EM and EM-based techniques

Electron microscopy (EM) is the most common used technique to observe the nuclear structure. Electron microscope uses a beam of accelerated electrons as a source of illumination providing a high resolution, such as conventional transmission electron microscopy (TEM) with ~1 nm resolution. Since long, using TEM, one can observe thin sections of nuclei from chemically fixed or cryofixed cells. For conventional fixation methods, the cells are fixed by chemicals which can alter the nuclear morphology (Figure 23A). Cryo- fixation is a physical fixation technique that reduces fixation artifact and therefore preserve the nuclear ultrastructure (Figure 23B) (Trumtel et al., 2000).

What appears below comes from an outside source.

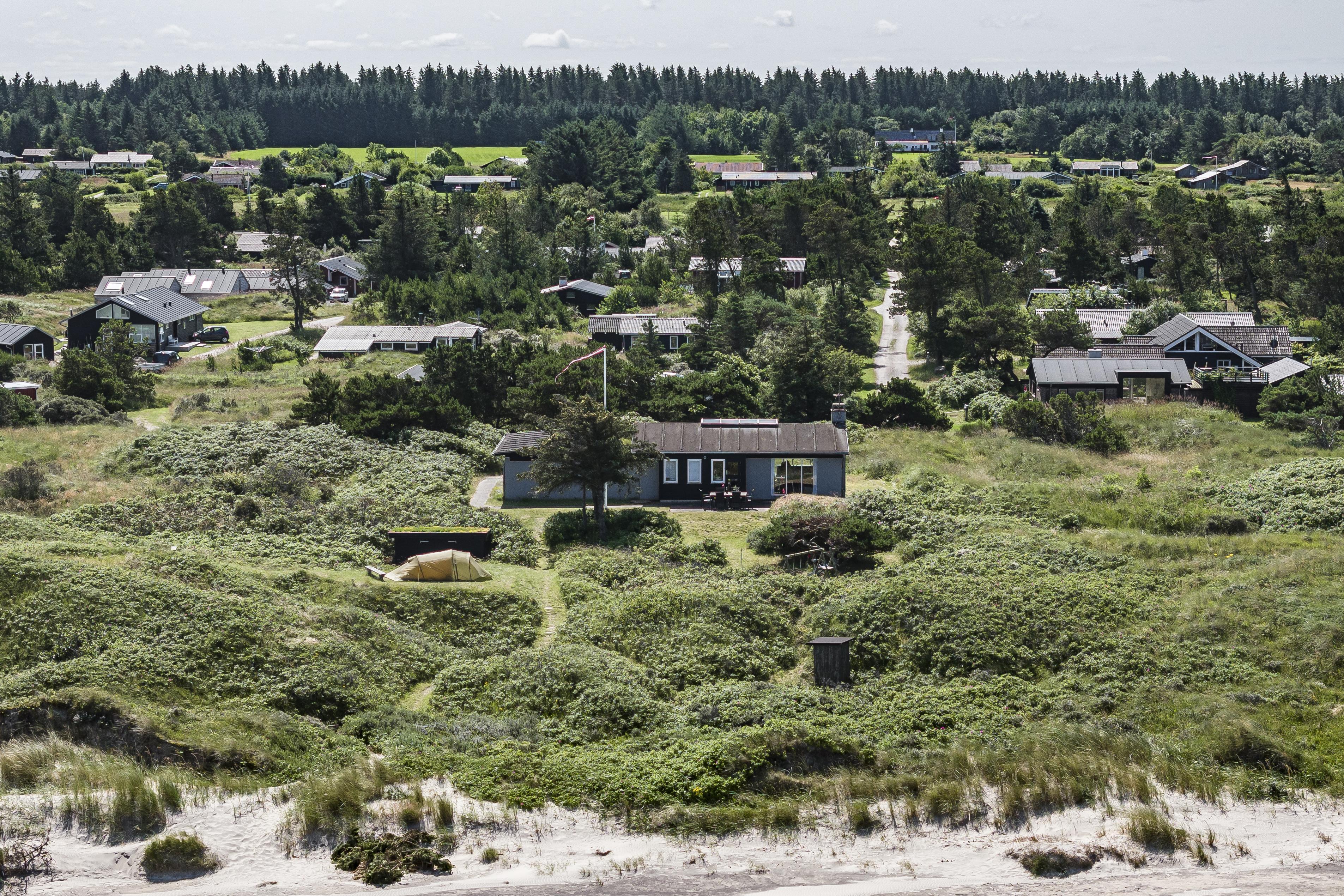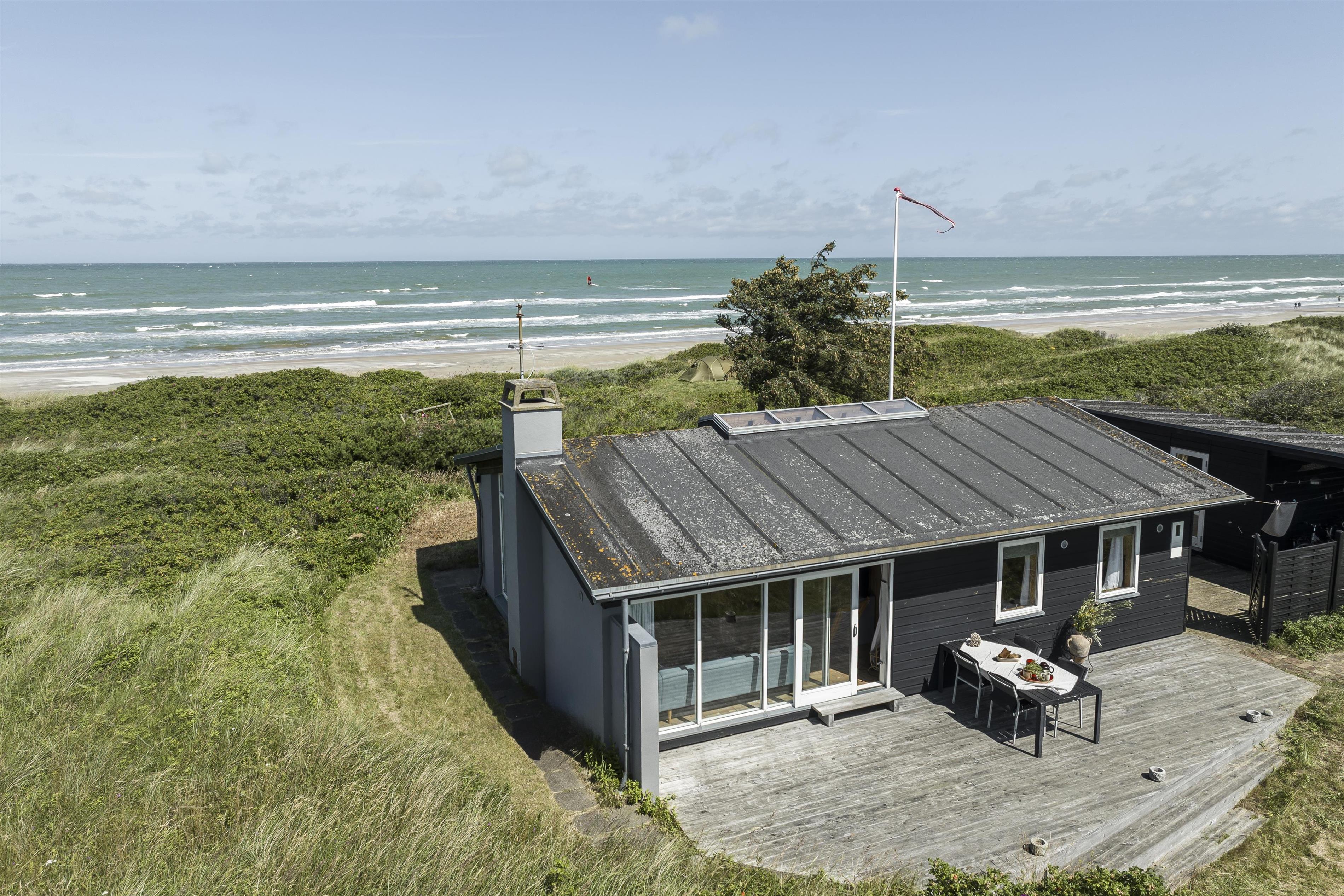 The summer house is surrounded by beautiful nature in Kjul, with breathtaking sea views from most of the house. Outside, you’ll find multiple terraces and a cozy courtyard where you can enjoy the sun all day, depending on the wind and weather. From the property, there’s direct access to the beach via a path – perfect for a morning jog or a refreshing swim in the sea. Experience a summer evening on the terrace with the sunset over the North Sea as your backdrop – an unforgettable moment.

After cryo-fixation, following cryo-substitution and resin embedding to prepare the ultra-thin sections are also source of artifacts. Morover, the analysis of the ultrathin sections (50-100 nm) only allows the measurement of nuclear shape and size in 2D. To estimate the nuclear size in 3D from the 2D results, one has to do statistical analysis of many sections which is technical challenging. In addition, this method is generally biased due to the random sectioning orientation.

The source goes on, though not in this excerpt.